(Data provided)

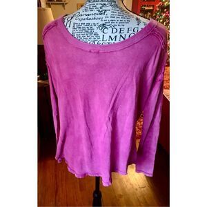 Free People Dark Pink Distressed Tee
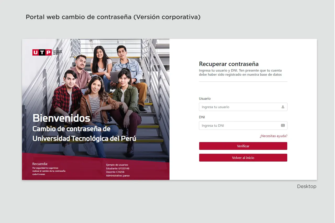El reto de diseño: Rediseñar un portal para que esté dirigido solamente a estudiantes, descartando a usuarios docentes y colaboradores, donde pueda restablecer la contraseña que utiliza para acceder a las diferentes plataformas educativas que la universidad le ofrece.
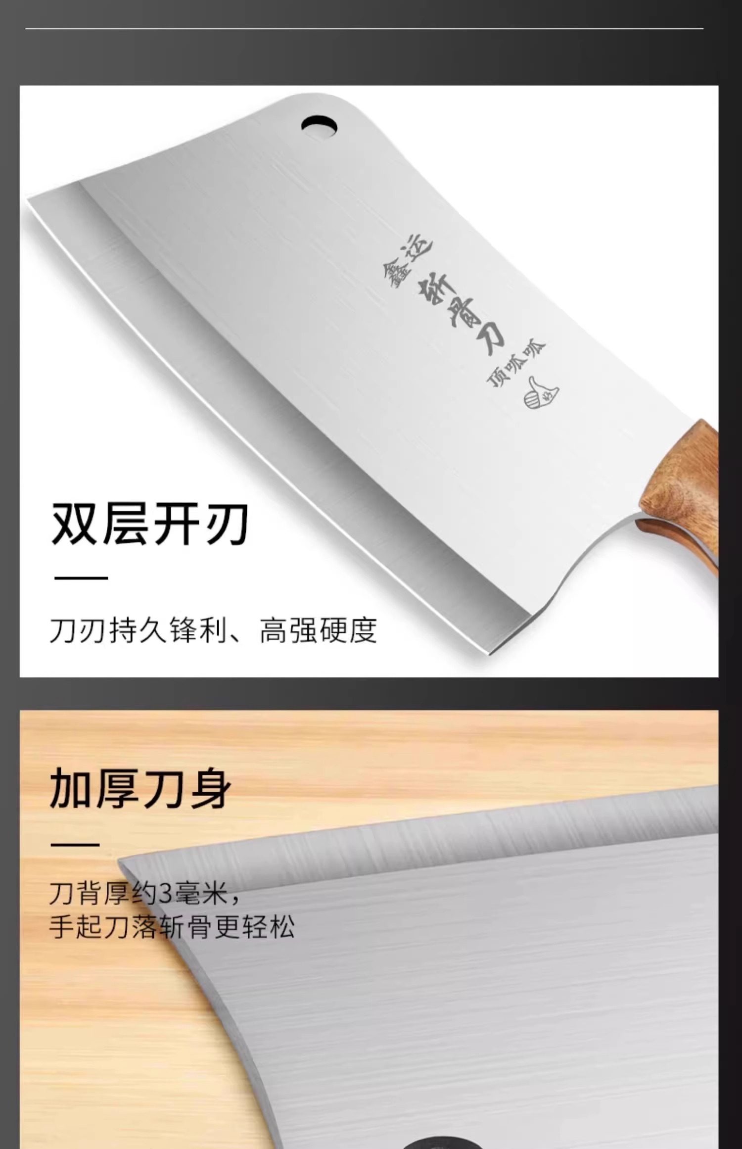 📦 | More than 60 ° 132mm 21CM | [cost-effective recommend] weighs about 0.80kg thick 5mm commercial cutting big bone knife [cut bad package compensation | 1шт: ¥18.50, 50шт: ¥16.50, 500шт: ¥14.50 | 1819 | 5733198712618 |
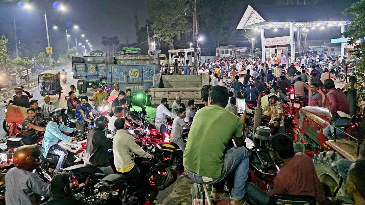 ঠাকুরগাঁও জেলায় গত তিন সপ্তাহ ধরে জ্বালানি তেলের তীব্র সংকট দেখা দিয়েছে। জেলার ফিলিং স্টেশনগুলোতে দীর্ঘ লাইনে দাঁড়িয়েও তেলের দেখা পাচ্ছেন না গ্রাহকরা। অধিকাংশ পাম্পে ‘তেল নেই’ নোটিশ ঝুললেও রহস্যজনকভাবে স্থানীয় হাট-বাজারগুলোতে চড়া দামে প্রকাশ্যে বিক্রি হচ্ছে ডিজেল, পেট্রোল ও অকটেন। এই বৈপরীত্যে চরম ভোগান্তিতে পড়েছেন সাধারণ মানুষ, বিশেষ করে কৃষক ও মোটরসাইকেল চালকরা।
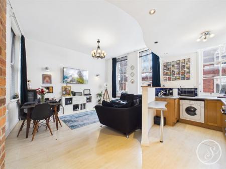 Nestled in the heart of Leeds, this wonderfully presented one-bedroom flat on Central Road offers a perfect blend of modern living and charming character. As you step inside, you are greeted by a spacious hallway which offers access throughout the apartment including to the main living space where you will find tall sash windows that flood the space with natural light, alongside stunning exposed brick walls that add a touch of warmth and style.
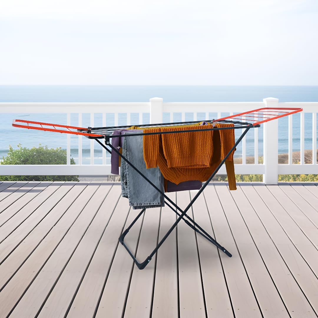 Matt Black and Orange Wings MS cloth drying racks / stands with square pipes frame ,Foldable wings, Boots for better stability ,(178 x 53 x 92)cm (Pack of 1)
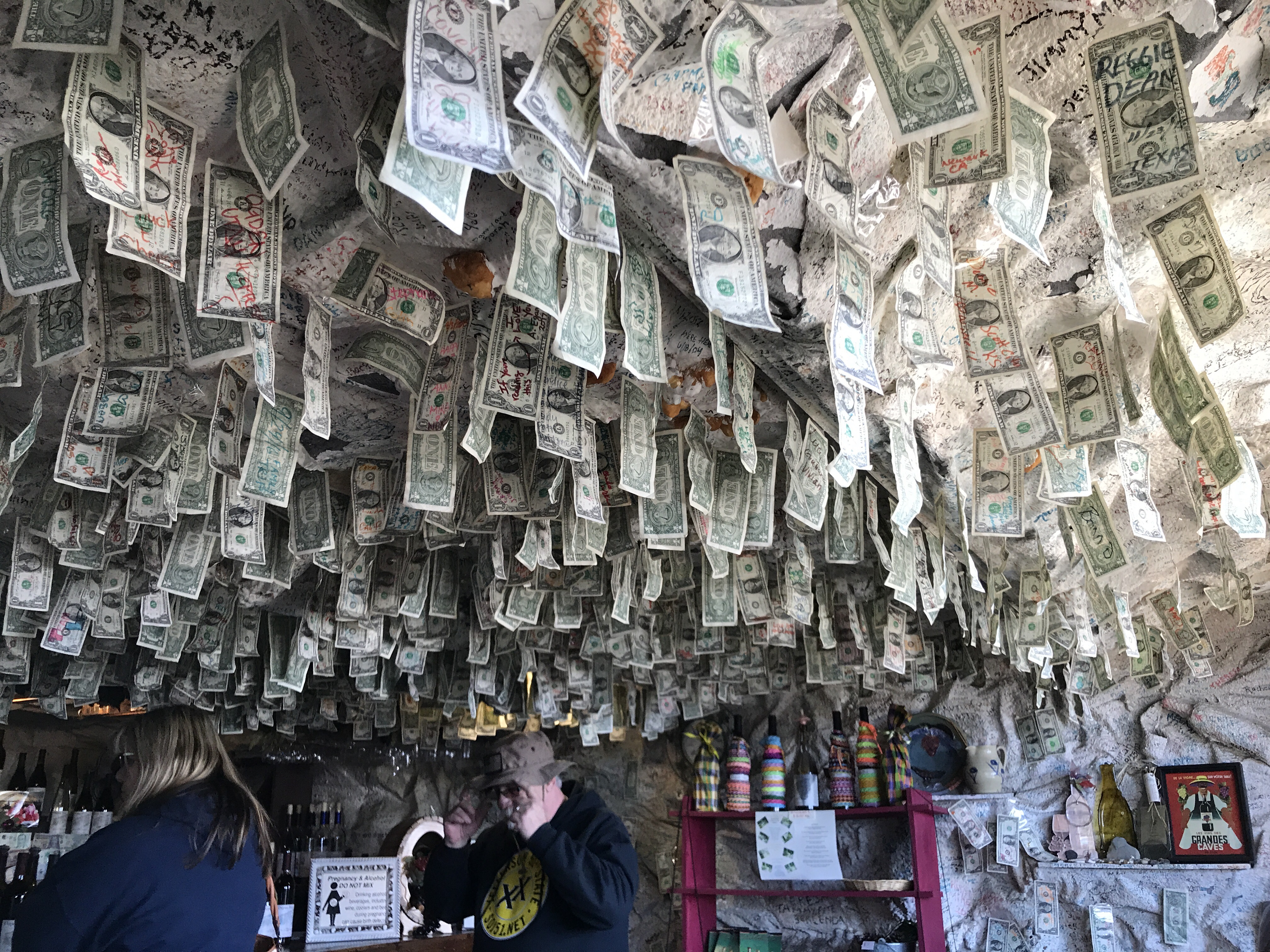 Upon entering the tasting room potential customers are greeted by a low ceiling with dollar bills taped all over it. The story, according to the wine steward on duty is that the dollars are removed once a year and the total is matched as a donation to charity.  Pretty nifty.
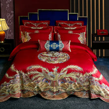 Luxury Red Chinese Wedding Phoenix Embroidery Cotton Bedding Set Duvet Cover Bed Linen Fitted Sheet Pillowcases Home Textiles
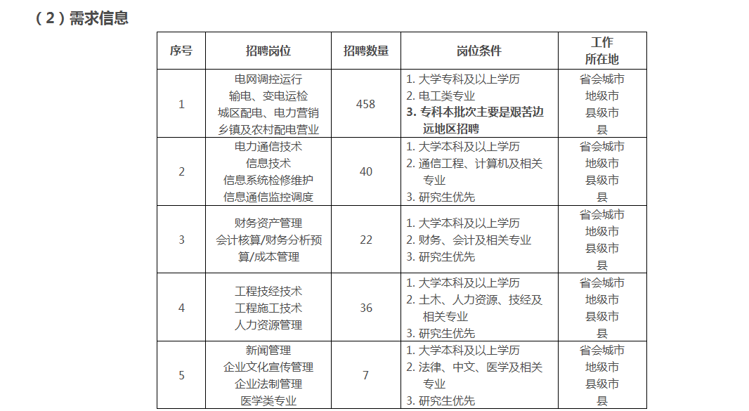 注意:1.招聘崗位只列舉了部分大類,凡應(yīng)聘者均需要服從安排;2.電工類專業(yè)每個(gè)單位都有需求,??票九沃饕瞧D苦邊遠(yuǎn)地區(qū)招聘,具體請(qǐng)應(yīng)聘者咨詢各用人單位;3.歡迎大家踴躍報(bào)名應(yīng)聘,審慎選擇調(diào)劑,我們將根據(jù)報(bào)名應(yīng)聘人數(shù)、生源總體素質(zhì)、考試考核成績(jī)等適度調(diào)劑調(diào)整或新增各批次之間以及相關(guān)單位之間的招聘數(shù)量和專業(yè);4.非電工類崗位和專業(yè)主要參考“附件1”,在具體招聘過程中,我們將根據(jù)實(shí)際情況進(jìn)行調(diào)劑調(diào)整;5.本表存在疑問或歧義的地方統(tǒng)一以國(guó)網(wǎng)四川省電力公司解釋為準(zhǔn)。
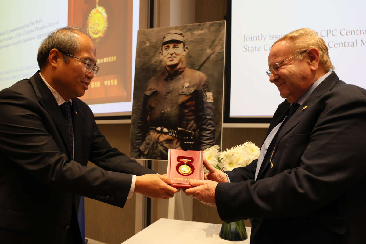 Following his powerful speech, Ambassador Xiao formally announced the honor bestowed upon the Jewish doctor by the Chinese authorities: "A decision has been made by the government of the People's Republic of China to award the commemorative medal to Dr. Jakob Rosenfeld for his remarkable contributions." He then presented the medal to Dr. Menashe Rosenfeld, the hero's nephew, to the applause of the more than 200 in attendance.

(End Data provided)

> _Exercise instructions_: Each line of the data must be transcribed exactly; pictures are not carried over.

> _Response to this exercise_:
 Free People Dark Pink Distressed Tee
El reto de diseño: Rediseñar un portal para que esté dirigido solamente a estudiantes, descartando a usuarios docentes y colaboradores, donde pueda restablecer la contraseña que utiliza para acceder a las diferentes plataformas educativas que la universidad le ofrece.
 📦 | More than 60 ° 132mm 21CM | [cost-effective recommend] weighs about 0.80kg thick 5mm commercial cutting big bone knife [cut bad package compensation | 1шт: ¥18.50, 50шт: ¥16.50, 500шт: ¥14.50 | 1819 | 5733198712618 |
 ঠাকুরগাঁও জেলায় গত তিন সপ্তাহ ধরে জ্বালানি তেলের তীব্র সংকট দেখা দিয়েছে। জেলার ফিলিং স্টেশনগুলোতে দীর্ঘ লাইনে দাঁড়িয়েও তেলের দেখা পাচ্ছেন না গ্রাহকরা। অধিকাংশ পাম্পে ‘তেল নেই’ নোটিশ ঝুললেও রহস্যজনকভাবে স্থানীয় হাট-বাজারগুলোতে চড়া দামে প্রকাশ্যে বিক্রি হচ্ছে ডিজেল, পেট্রোল ও অকটেন। এই বৈপরীত্যে চরম ভোগান্তিতে পড়েছেন সাধারণ মানুষ, বিশেষ করে কৃষক ও মোটরসাইকেল চালকরা।
 Nestled in the heart of Leeds, this wonderfully presented one-bedroom flat on Central Road offers a perfect blend of modern living and charming character. As you step inside, you are greeted by a spacious hallway which offers access throughout the apartment including to the main living space where you will find tall sash windows that flood the space with natural light, alongside stunning exposed brick walls that add a touch of warmth and style.
 Matt Black and Orange Wings MS cloth drying racks / stands with square pipes frame ,Foldable wings, Boots for better stability ,(178 x 53 x 92)cm (Pack of 1)
 Upon entering the tasting room potential customers are greeted by a low ceiling with dollar bills taped all over it. The story, according to the wine steward on duty is that the dollars are removed once a year and the total is matched as a donation to charity.  Pretty nifty.
 Luxury Red Chinese Wedding Phoenix Embroidery Cotton Bedding Set Duvet Cover Bed Linen Fitted Sheet Pillowcases Home Textiles
 注意:1.招聘崗位只列舉了部分大類,凡應(yīng)聘者均需要服從安排;2.電工類專業(yè)每個(gè)單位都有需求,??票九沃饕瞧D苦邊遠(yuǎn)地區(qū)招聘,具體請(qǐng)應(yīng)聘者咨詢各用人單位;3.歡迎大家踴躍報(bào)名應(yīng)聘,審慎選擇調(diào)劑,我們將根據(jù)報(bào)名應(yīng)聘人數(shù)、生源總體素質(zhì)、考試考核成績(jī)等適度調(diào)劑調(diào)整或新增各批次之間以及相關(guān)單位之間的招聘數(shù)量和專業(yè);4.非電工類崗位和專業(yè)主要參考“附件1”,在具體招聘過程中,我們將根據(jù)實(shí)際情況進(jìn)行調(diào)劑調(diào)整;5.本表存在疑問或歧義的地方統(tǒng)一以國(guó)網(wǎng)四川省電力公司解釋為準(zhǔn)。
 Following his powerful speech, Ambassador Xiao formally announced the honor bestowed upon the Jewish doctor by the Chinese authorities: "A decision has been made by the government of the People's Republic of China to award the commemorative medal to Dr. Jakob Rosenfeld for his remarkable contributions." He then presented the medal to Dr. Menashe Rosenfeld, the hero's nephew, to the applause of the more than 200 in attendance.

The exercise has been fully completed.